How many hours of the work week are actually efficient?

(BUSINESS MARKETING) Working more for that paycheck, more hours each week, on the weekends, on holidays can actually hurt productivity. So don’t do that, stay efficient.



Clock pointed to 5:50 on a plain white wall, well tracked during the week.

Social media is always flooded with promises to get in shape, eat healthier and… hustle?

In hustle culture, it seems as though there’s no such thing as too much work. Nights, weekends and holidays are really just more time to be pushing towards your dreams and hobbies are just side hustles waiting to be monetized. Plus, with freelancing on the rise, there really is nothing stopping someone from making the most out of their 24 hours.
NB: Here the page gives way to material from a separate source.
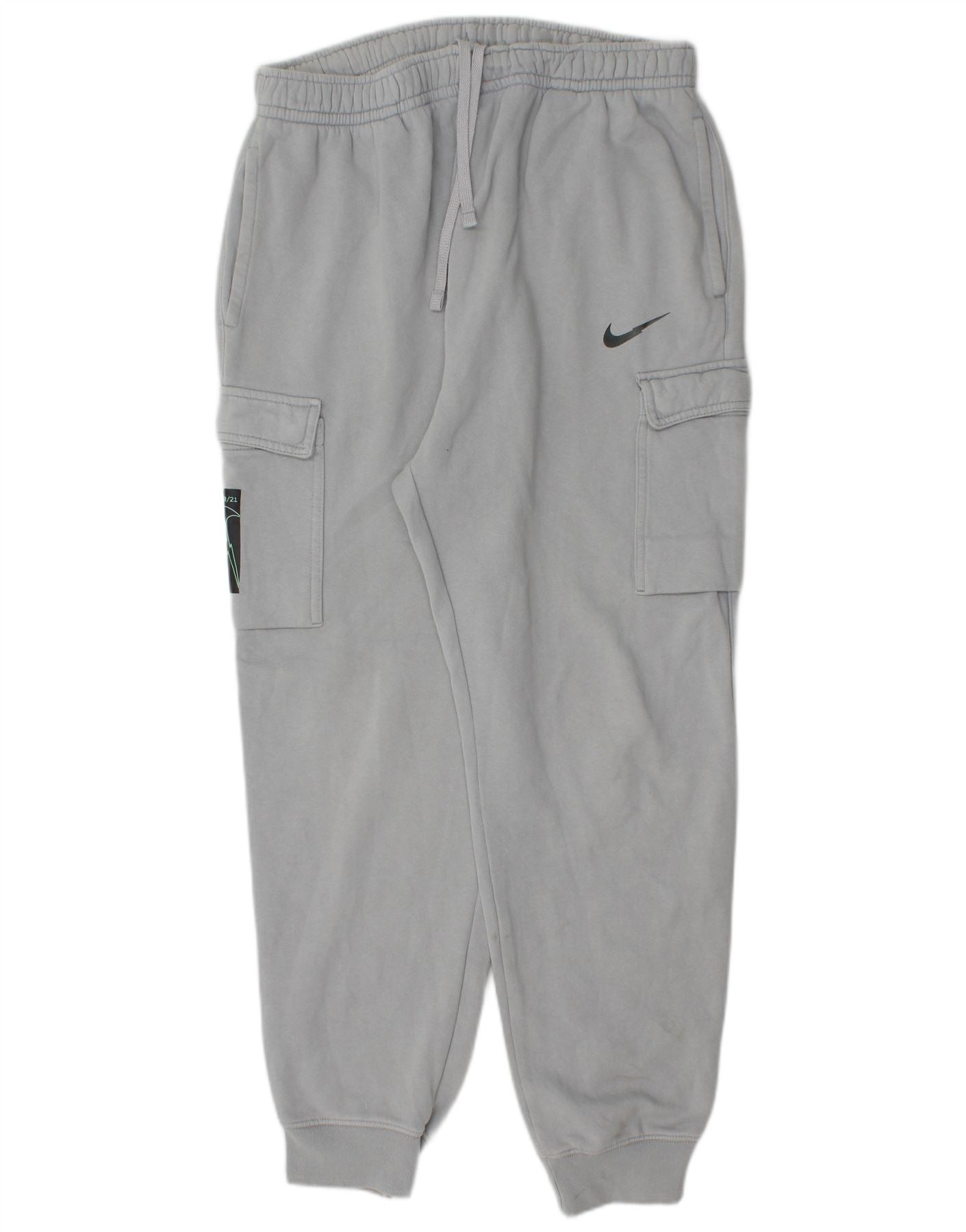 NIKE Mens Graphic Cargo Tracksuit Trousers Joggers Large Grey Cotton

Hustle culture will have you believe that a full-time job isn’t enough. Is that true?

Although it’s a bit outdated, Gallup’s 2014 report on full-time US workers gives us an alarming glimpse into the effects of the hustle. For starters, 50% of full-time workers reported working over 40 hours a week – in fact, the average weekly hours for salaried employees was up to 49 hours.

So, what’s the deal with 40 hours anyway? The 40 hour work-week actually started with labor rights activists in the 1800s pushing for an 8 hour workday. In 1817, Robert Owen, a Welsh activist, reasoned this workday provided: “eight hours labor, eight hours recreation, eight hours rest.”

If you do the math, that’s a whopping 66% of the day devoted to personal needs, rather than labor!

Of course, it’s only natural to be skeptical of logic from two centuries ago coloring the way we do business in the 21st century. For starters, there’s plenty of labor to be done outside of the labor you’re paid to do. Meal prep, house cleaning, child care… that’s all work that needs to be done. It’s also all work that some of your favorite influencers are paying to get done while they pursue the “hustle.” For the average human, that would all be additional work to fall in the ‘recreation’ category.

But I digress. Is 40 hours a week really enough in the modern age? After all, average hours in the United States have increased.

Well… probably not. In fact, when hours are reduced (France, for instance, limited maximum hours to 35 hours a week, instead of 40), workers are not only more likely to be healthier and happier, but more efficient and less likely to miss work!

So, instead of following through with the goal to work more this year, maybe consider slowing the hustle. It might actually be more effective in the long run!